For the second example below, we observe 2 possible solutions where either [[3, 5, 6, 2], [2, 1, 4, 4]] or [[1, 2, 7, 6]] would result in 6 clones being defeated.

#  Example  02  (not unique)

attacks  =  [[1,  2,  7,  6],  [2,  1,  4,  4],  [3,  5,  6,  2]]

>>>hero(attacks)

[[3,  5,  6,  2],  [2,  1,  4,  4]]

In the last example below, it can be observed that upon defeating the clones in the attack [1, 2, 7, 6] you can only move on to attack [3, 8, 9, 5] because attack [2, 7, 9, 10] starts on day 7 itself when you are still occupied.

#  Example  03  (ending  condition  overlap)

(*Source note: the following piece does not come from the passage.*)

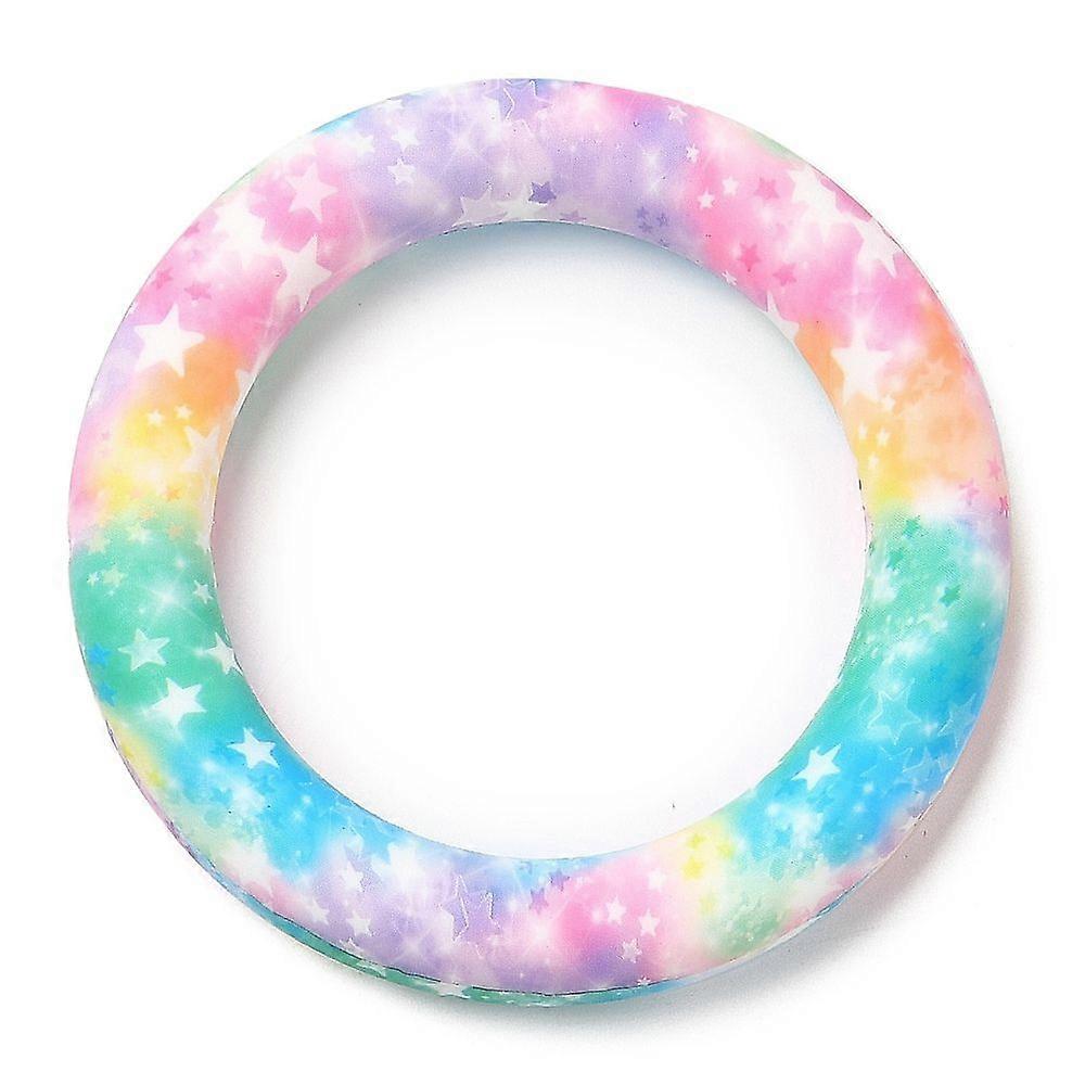 Food Grade Eco-Friendly Silicone Pendants Ring with Star Pattern Colorful 65x10mm Hole: 4mm

attacks  =  [[1,  2,  7,  6],  [2,  7,  9,  10],  [3,  8,  9,  5]]

>>>hero(attacks)

[[3,  8,  9,  5],  [1,  2,  7,  6]]

2.4    Complexity

hero(attacks) should run in O(NlogN) worst case time complexity and O(N) auxiliary space complexity, given that N is the number of attacks in attacks.

Warning

For all assignments in this unit, you may not use python dictionaries or sets. This is because the complexity requirements for the assignment are all deterministic worst-case requirements, and dictionaries/sets are based on hash tables, for which it is difficult to determine the deter- ministic worst-case behaviour.

Please ensure that you carefully check the complexity of each in-built python function and data structure that you use, as many of them make the complexities of your algorithms worse. Common examples which cause students to lose marks are list slicing, inserting or deleting elements in the middle or front of a list (linear time), using the in keyword to check for membership of an iterable (linear time), or building a string using repeated concatenation of characters.   Note that use of these functions/techniques is not  forbidden, however you should exercise care when using them.

These are just a few examples, so be careful. Remember, you are responsible for the complexity of every line of code you write!